◆ Exercise description: Could you print the stretch of lines below from the one with "軍帽の新型春秋八角帽子の女性高級感英倫復古皮質ベレー帽文芸百合報童帽子" through the one with "Mollie was the", exactly as they stand and without any pictures?

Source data

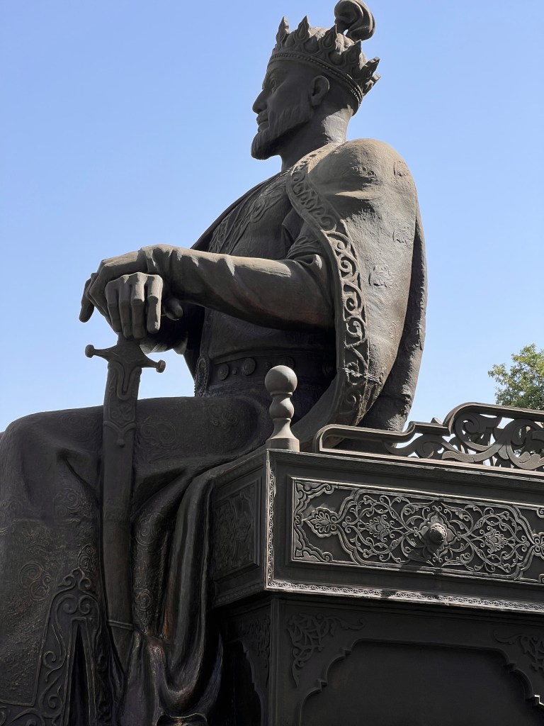 Weiter geht es hinter dem Registan Platz vorbei in Richtung Amir Timur Denkmal. Dabei stoppen wir erneut am Grabmal von Amir. Dieses Mal gibt es dort keine Baugerüste. Das Amir Denkmal können wir nicht so richtig gut fotografieren, weil die Sonne unpassend am Firmament steht. Bevor wir zum letzten Programmpunkt aufbrechen, werfen wir einen Blick in eine orthodoxe Kirche.
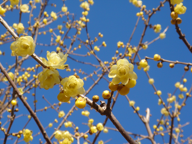 蝋細工みたいな光沢があるから、蝋梅って名前らしいです。
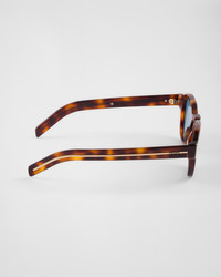 Acetate sunglasses with casual elegance. The pantos front is characterized by refined triangular rivets, while the temples are embellished with the iconic metal plaque featuring with the Prada lettering logo. - Product code: SPRA16_F15W_FE04D_C_049 - Acetate frame front - Color: Classic tortoiseshell - Frame compatible with graduated lenses - 100% UVA / UVB protection - Polarized crystal lenses - Standard Fit - Lens-nose-temple measurement: 49-24-145 mm - Article comes with dedicated packaging - Other colors available - Imported MATERIALS Acetate
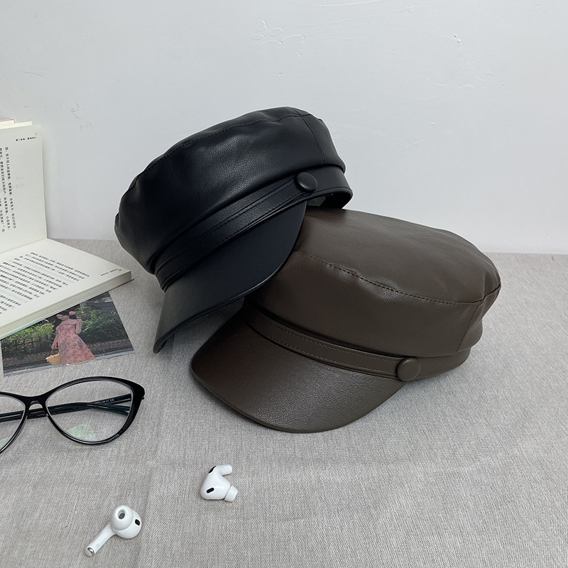 軍帽の新型春秋八角帽子の女性高級感英倫復古皮質ベレー帽文芸百合報童帽子
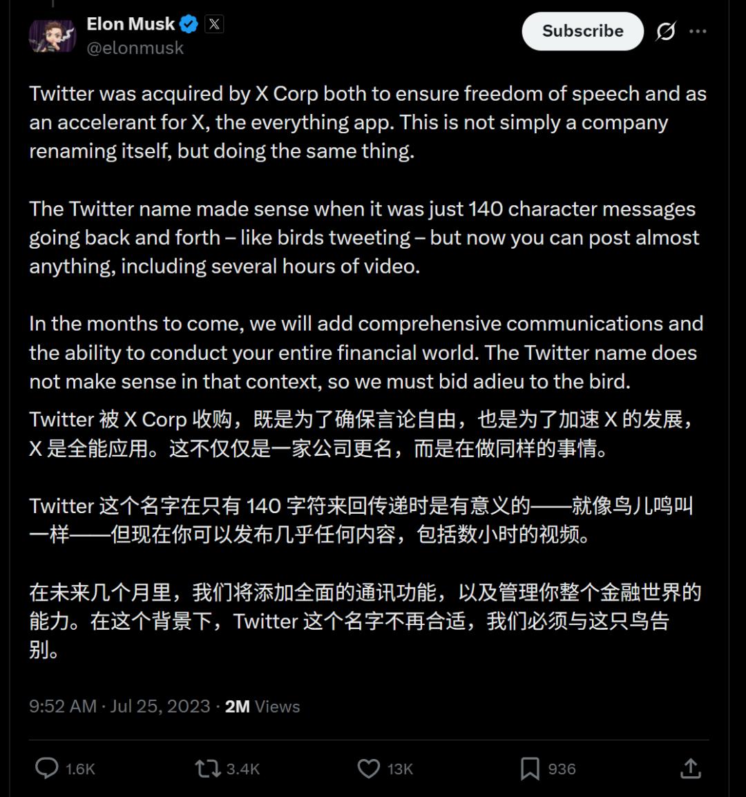 从推特出发,再链接即时通讯、金融支付……老马的野心3年前就昭告天下了。
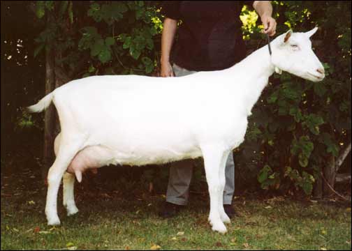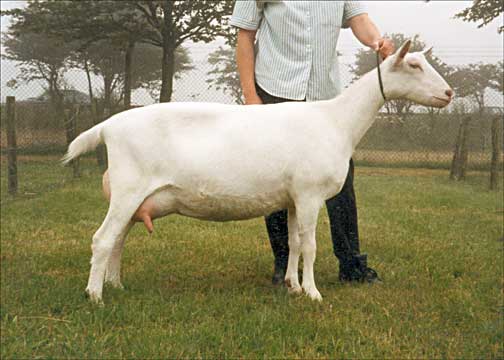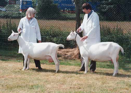 Mollie was the bridesmaid of the Toddbrook Herd - for many years - gaining 2 Reserve CCs, 3 BCC's and 14 Reserve BCC's only being beaten generally by one of her stablemates. Her worth to the herd cannot be overestimated though as she was a wonderful milker, especially during the winter months. A big, rangy goat with a well stuck on udder and good feet, her males continue to do well in commercial herds today. |
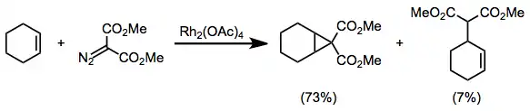 Metal-catalyzed cyclopropanations are chemical reactions that result in the formation of a cyclopropane ring from a metal carbenoid species and an alkene.[1] In the Simmons–Smith reaction the metal involved is zinc. Metal carbenoid species can be generated through the reaction of a diazo compound with a transition metal). The intramolecular variant of this reaction was first reported in 1961.[2] Rhodium carboxylate complexes, such as dirhodium tetraacetate, are common catalysts. Enantioselective cyclopropanations have been developed.[3]
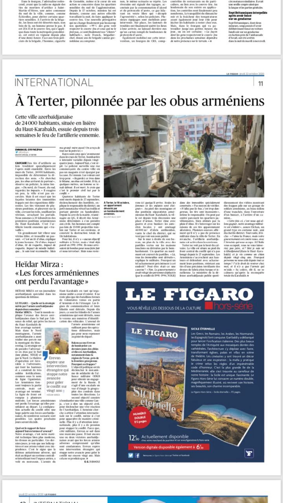Fransanın "Le Figaro" nəşri Ermənistan silahlı qüvvələrinin Tərtərin mülki əhalisini durmadan atəşə tutması barədə xüsusi məqalə dərc edib. Məqalənin müəllifi nəşrin Tərtərə ezam olunmuş xüsusi müxbiri Emmanuel Gyrynszpandır.
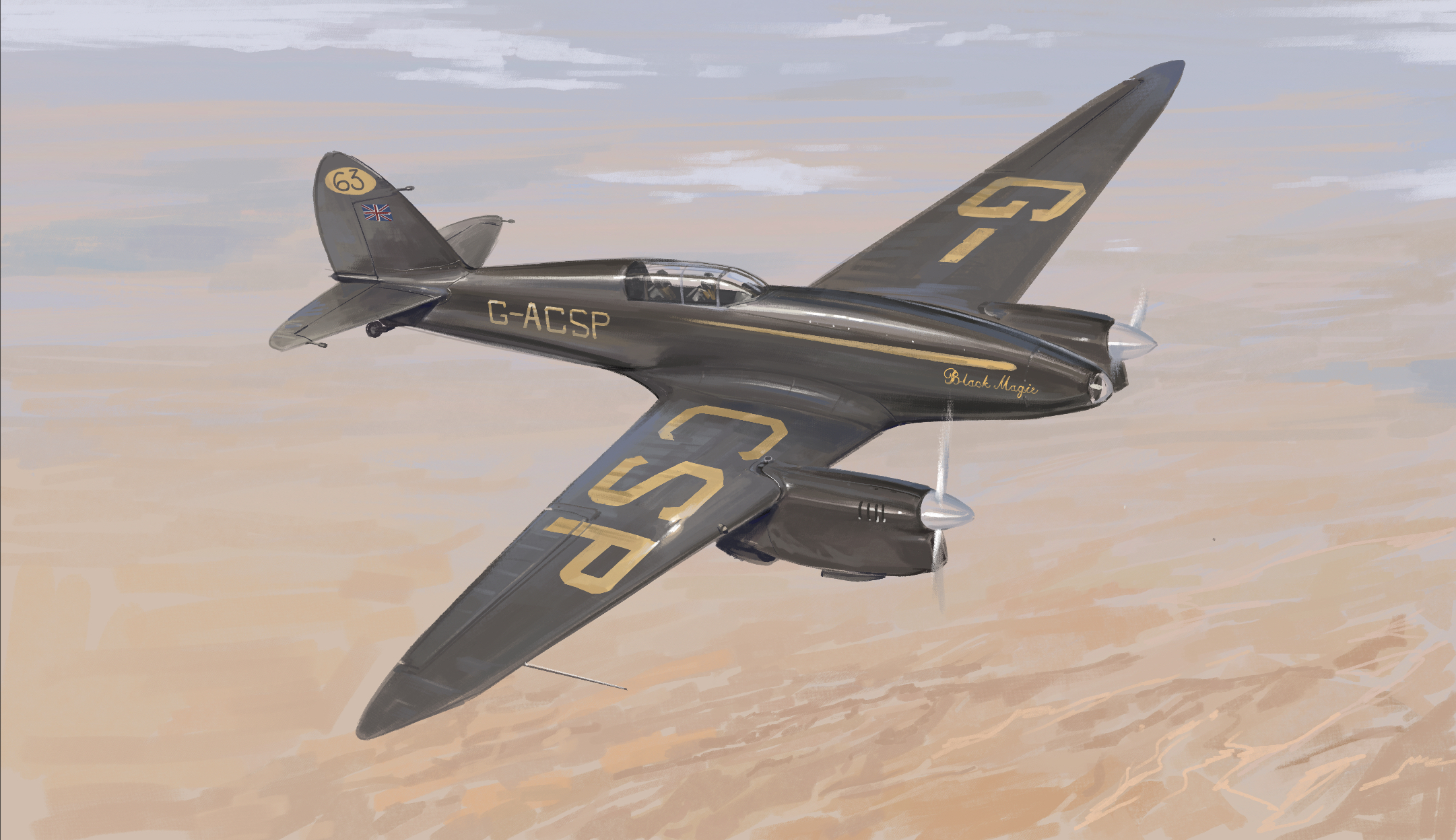 2others aircraft airplane cloud commentary cotact147 desert dh_88_comet flying grey_sky high_up highres multiple_others original propeller sky union_jack untranslatable_commentary vehicle_focus
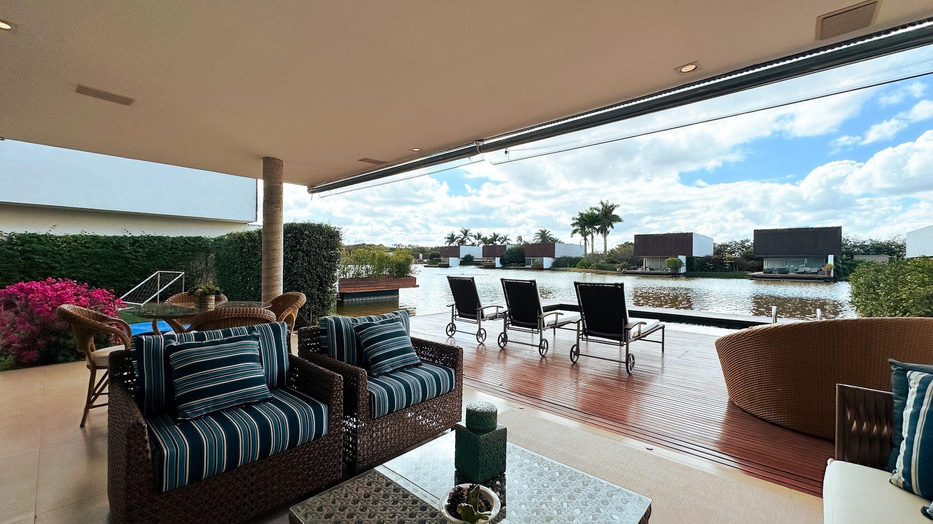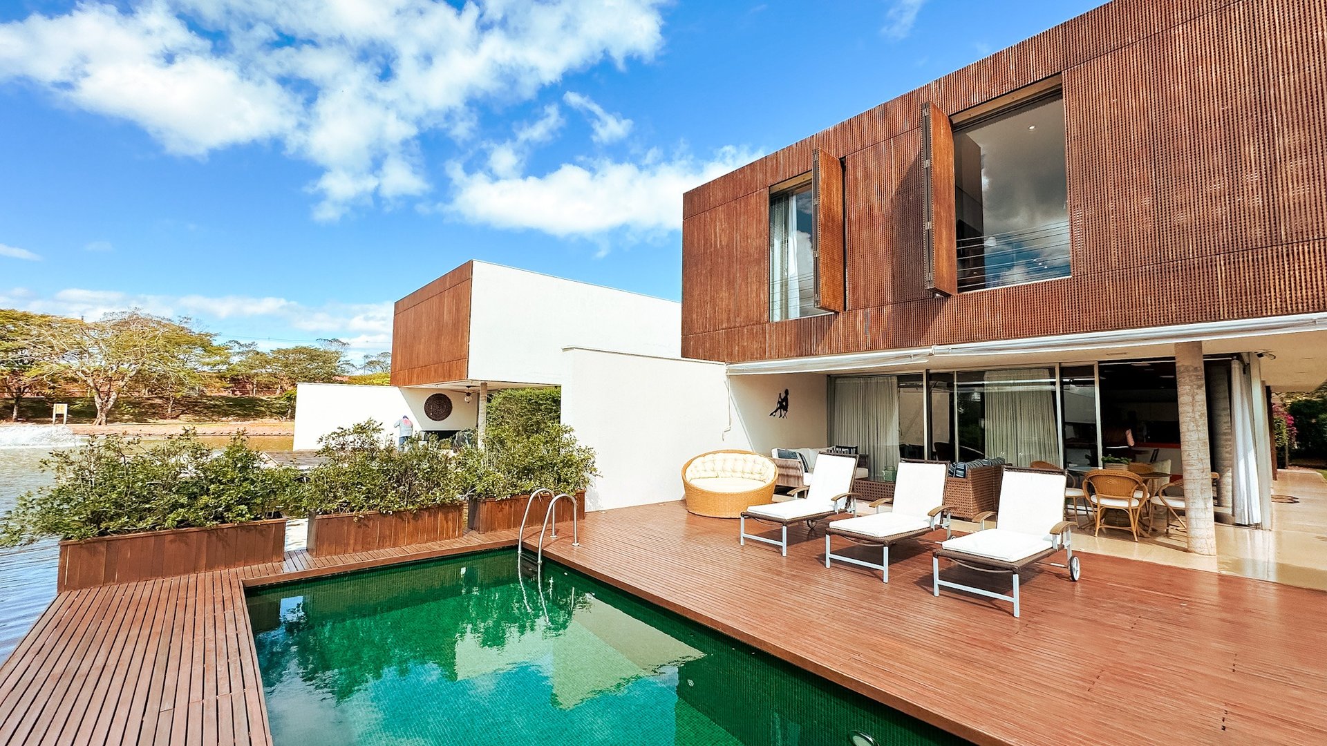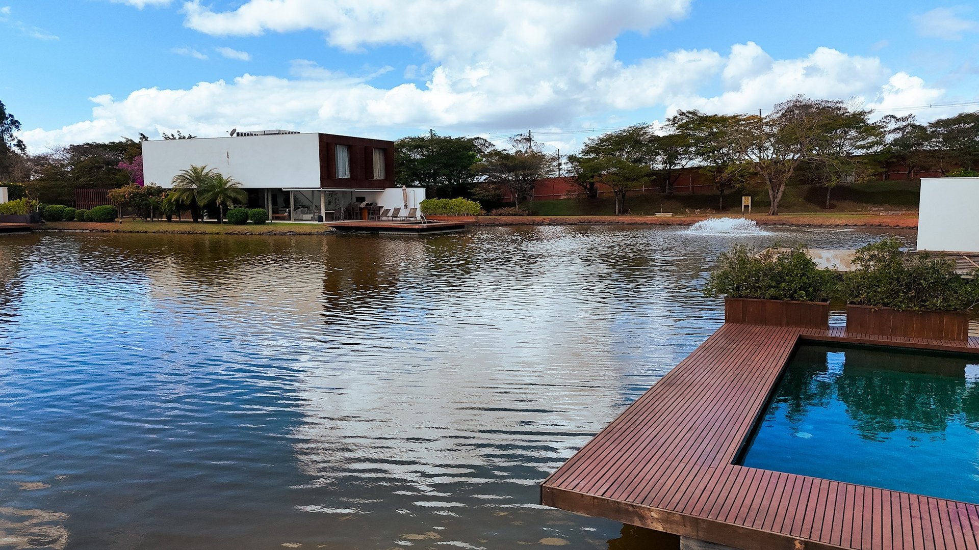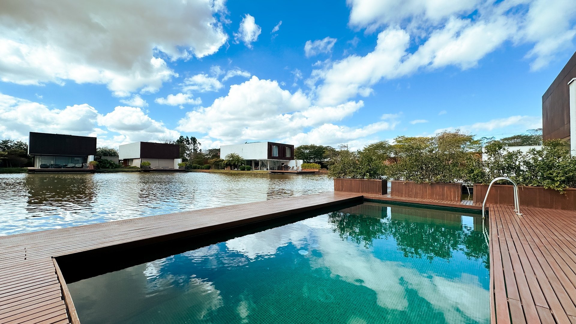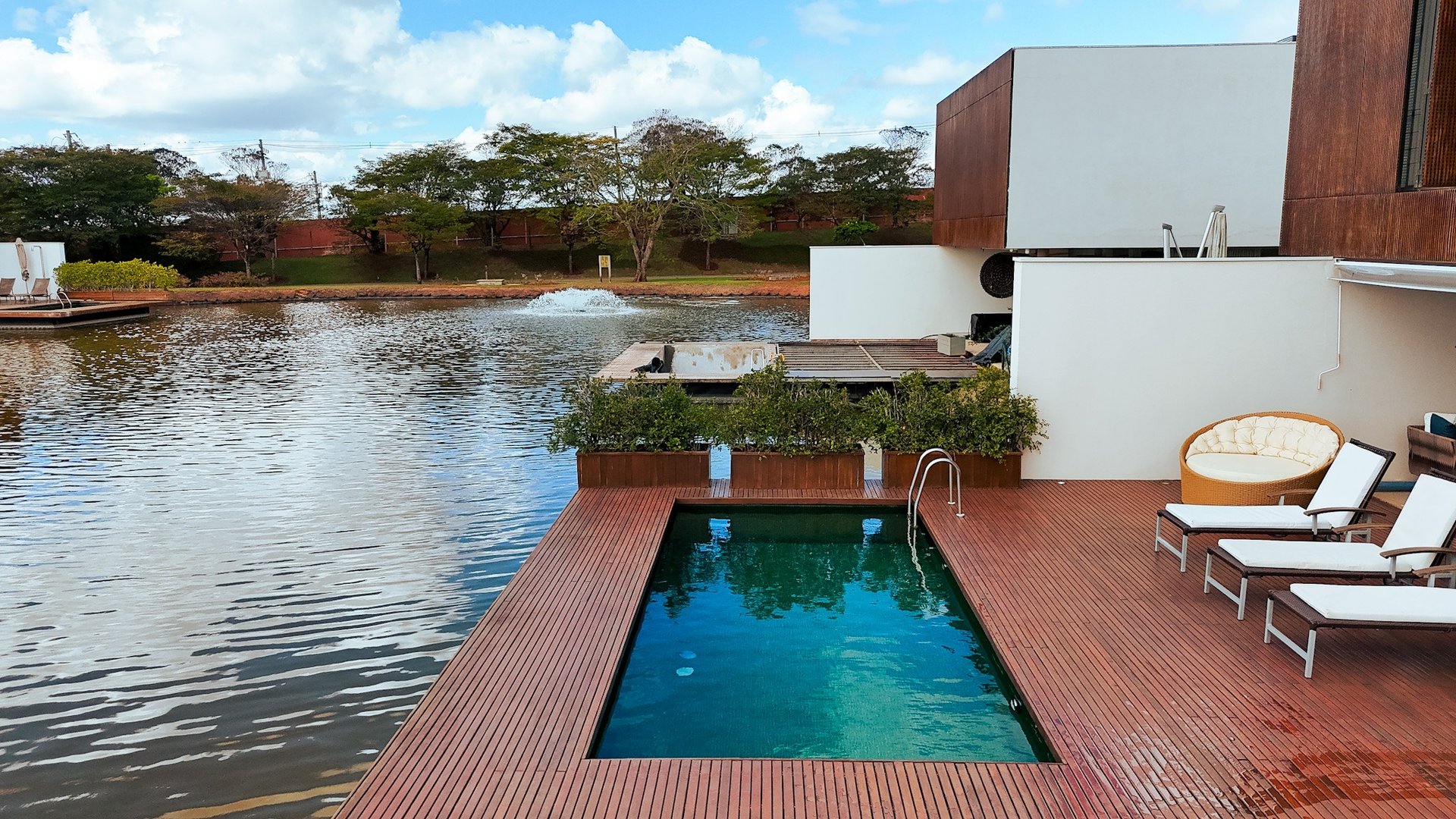 A área externa é um verdadeiro refúgio: jardins cuidadosamente projetados, piscina rodeada de verde e varandas espaçosas que oferecem vista privilegiada para o lago e para o pôr do sol.

◆ Written solution:
 軍帽の新型春秋八角帽子の女性高級感英倫復古皮質ベレー帽文芸百合報童帽子
 从推特出发,再链接即时通讯、金融支付……老马的野心3年前就昭告天下了。
 Mollie was the bridesmaid of the Toddbrook Herd - for many years - gaining 2 Reserve CCs, 3 BCC's and 14 Reserve BCC's only being beaten generally by one of her stablemates. Her worth to the herd cannot be overestimated though as she was a wonderful milker, especially during the winter months. A big, rangy goat with a well stuck on udder and good feet, her males continue to do well in commercial herds today. |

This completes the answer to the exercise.